Мы шли по улице большого города, торопящегося жить. […] По улицам, мимо окон, подъездов, телефонов, магазинов — стремилась толпа. Жизнь обратилась в бег, каждый шаг — деньги. Он шел медленной походкой, вразвалку, как ходить умеют только еще в России. […] улыбаясь, рассказывал, как он шел завоевывать город. О! Как все они, эти тихонькие его ненавидят! — и как в город принес песню — ведь его песня — дол да поле, да лес в ржавом золоте вечера, ну, а леса в городе не помнят. И вот грохоту вправленного в железо камня, сердцу большого города, изжившего единственную человеческую правду — правду земли, он рассказал, что электричество еще не убило солнца и зорь его, что автомобиль еще не обогнал лёта стрижа над лугом, что кроме трех засыхающих лип городского газона есть еще лес, а в нем заблудиться можно, есть еще песня граммофона, она плакать заставит, да есть еще свист соловьиный, разбойничий — эх, как улюлюкает он по лесам, если выйти и из переулка, да тропою к Оке ли, к Днепру ли, на Волгу податься! А когда город, хоть и революционный, но не поверил […] Есенин вымазал дегтем ворота Страстного монастыря, переколотил булыжником стекла магазина фальшивых бриллиантов[79] и издавал свой революционный приказ, чтобы «вся сволочь» собралась завтра на Театральную площадь послушать, какую он споет песню и у песни этой учиться любить жизнь. […] если завтра придут толпы и в ярости обнаженного гнева голыми кулаками разобьют Кремль и Лувр, по камушку, по бревнышку, растащут стены музеев и грязные ноги вместо портянок обернут Рафаэлем — он будет одним из первых, певец ярости восставшего дикаря и раба, и жертву, в смертной муке припавшую к облучку, дорежет — из озорства».

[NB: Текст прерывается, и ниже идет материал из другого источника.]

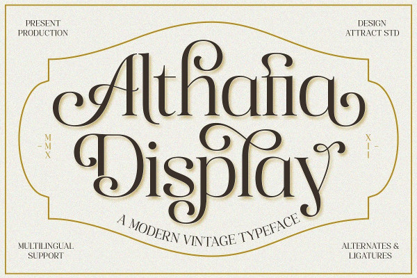 Althafia Display Font is a fancy display serif font with a unique character inspired by old-style serifs and contemporary serif fonts. Has dozens of fancy Alternates and Ligatures to combine in making Labels, signage, titles, logos, and many other creative projects.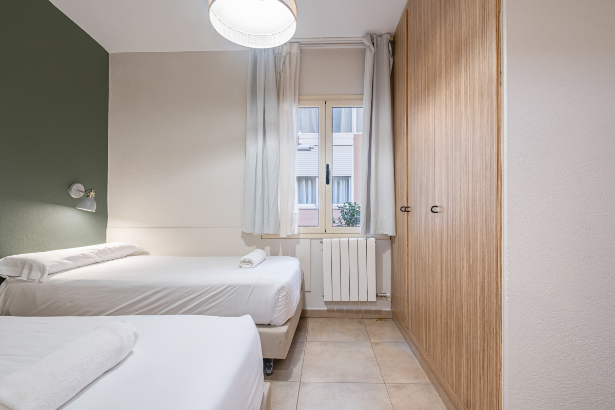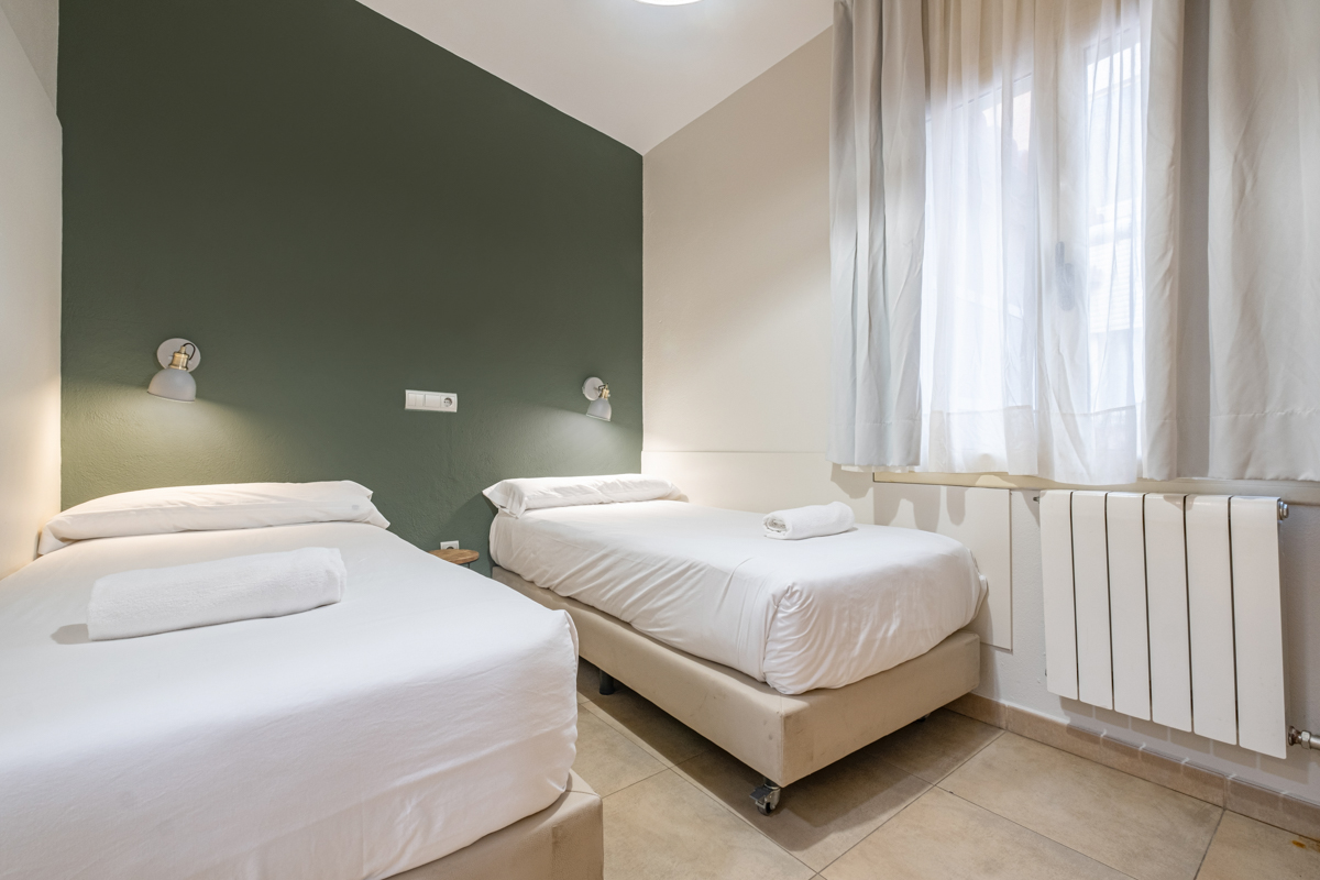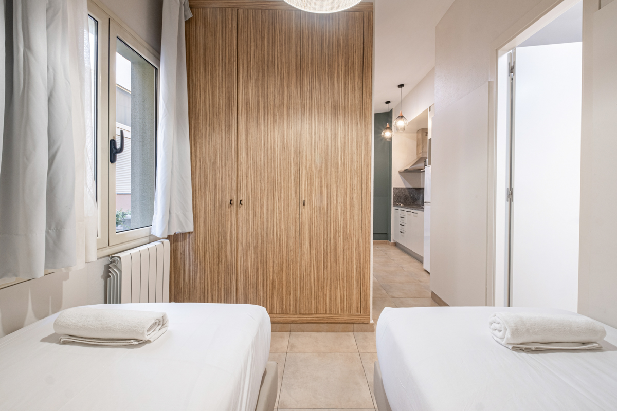 Bonito estudio situado en la zona de Sants-Montujic, pleno centro de la ciudad. A 5 minutos andando a la estación de tren de Sants y minutos al Camp Nou. A poca distancia de Plaza España y Fira de Barcelona, ​​Castillo de Montjuic. Puede ser cama de matrimonio o dos camas individuales. Baño y cocina. Súper bien comunicado con todas las zonas de la ciudad. Ideal para viajes de ocio y negocios. Toallas y sábanas incluidas.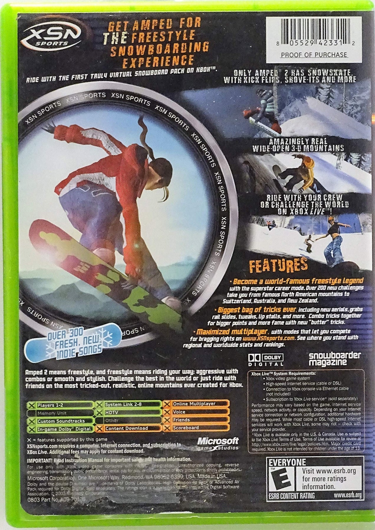 Details: From the Manufacturer Amped 2 is the ultimate freestyle snowboarding experience, offering the largest, most varied trick library of any snowboarding game. Explore vast areas of wide-open, spectacularly rendered real mountains packed with terrain parks designed by world-famous snow park architect, Chris Gunnarson. Play head-to-head with friends in the various multiplayer modes. When you're ready to take it to the next level, connect to Xbox Live to check rankings and challenge the world's best virtual riders. Feel what it's like to live the life of a real professional snowboarder. Travel the globe, and pull sick tricks in front of sponsors, photographers, and fans. Build your fame, and get photos and demo reels in the latest snowboard magazine or video. Climb to the top ranks of the sport, and become a media superstar … all to the sounds of more than 300 killer indie tracks. Features Multiple multiplayer modes: Via split-screen, LAN, or Xbox Live, Amped 2 offers a ton of multiplayer challenges. Whole new bag of tricks: Amped 2 takes all the moves from Amped and adds new aerial tricks; advanced grabs; a full set of styled-out rail slides, tweaks, stalls, and hand and foot plants; and introduces "Butter," the center of a new combo system that allows nose and tail manuals to link tricks together. A new tutorial also teaches first timers the basics of freestyle riding. World-wide nation of snowboarders via Xbox Live: Who's got bragging rights? Now, gamers will be able to find out by challenging riders around the globe to see who's the best. Track stats and check regional and world-wide ladders to see rankings. Trade replays with friends or download new content, including mountains, gear, challenges, and music. Deeper career and portfolio: Gamers now have more opportunities to impress the locals and the press with three levels of media challenges: photos, photo sequences, and video demo reels. As fame builds, sponsors award new gear and boards and banners appear on the mountains, displaying new endorsements won. Ultimate snowboarding environments: Amped 2 goes global with the addition of new mountains, including Laax, Switzerland, Mt. Buller in Australia, and heli-riding Harris Mountain in New Zealand. Fully rendered 3-D environments bring the mountains alive. Clouds cast shadows that move over the hills, and the runs teem with ambient life and sounds, including other riders, snow-cats, people riding the chairlifts, and working snow machines. Professional snowpark design: World-renowned terrain park designer Chris "Gunny" Gunnarson again lends his expertise exclusively to the Amped 2 park design, improving trick placement, adding more trickable objects, and doubling the size of many jumps, making it easier to land in transition. More than 300 core indie tracks: Gamers can ride to their own tracks, burnt to the hard disk, but may never feel the need, with a library of more than 300 original cuts to listen to from the latest up-and-coming indie artists. Greater character customization: Gamers can create and customize their own rider, including hair style, gear, and customized board graphics. With these selections a personality will come to life as he or she rides. Fourteen of the top professionals: Amped 2 features 14 top snowboarding pros, including Jeremy Jones, Mikey LeBlanc, Travis Parker, and Janna Meyen.

Этот очерк, хотя и навеян реальной встречей с Есениным, конечно, беллетризирован. Но только художникам (о степени таланта сейчас не говорим) удавалось создать образ Есенина во всей его целостности. Мемуаристы же всего лишь рассказывают об отдельных фактах его жизни (и хорошо, если не перевирают), показывают поэта с одной какой-нибудь стороны. Поговорка «В многочтеньи нет спасенья» особенно верна по отношению к мемуарам о Есенине. Написано горы — но из этих кубиков не складывается портрет. (И Мариенгоф не исключение.) В то время как очерк Г. Алексеева (поэтому мы, не считаясь с объемом, привели его почти целиком) — попытка показать Есенина, как сказали бы философы, «в единстве во множественности», за, по-видимому, противоречивыми качествами его натуры узреть глубинную, нерасторжимую связь. И все, что произойдет с русским поэтом в Европе, а потом и в Америке, — в этом очерке предсказано.
* * *
Буквально за день до отъезда Есенина в Москве проходил суд над патриархом Тихоном и теми верующими, которые противились изъятию церковных ценностей. Почти сразу же по прибытии в Берлин Есенин написал в своей «Автобиографии»: «Очень не люблю патриарха Тихона и жалею, что не мог принять участие в отобрании церковных ценностей». (В печатный текст эта фраза не вошла. Неизвестно, сделал ли купюру сам Есенин или редакция, но нечто подобное он говорил и Р. Гулю.) В роскошном берлинском отеле вспомнилось Есенину то время, которое он считал лучшим в своей жизни, — 1919 г. «Тогда мы (Есенин и Мариенгоф. — Л. П.) зиму прожили в 5 градусах комнатного холода. Дров у нас не было и полена. […] печатал свои стихи на стенах Страстного монастыря за отсутствием бумаги». Богохульствовал он и раньше. (Сжег икону, чтобы растопить самовар.) Так что в искренности его желания тряхнуть стариной и еще раз похулиганить всласть сомневаться не приходится.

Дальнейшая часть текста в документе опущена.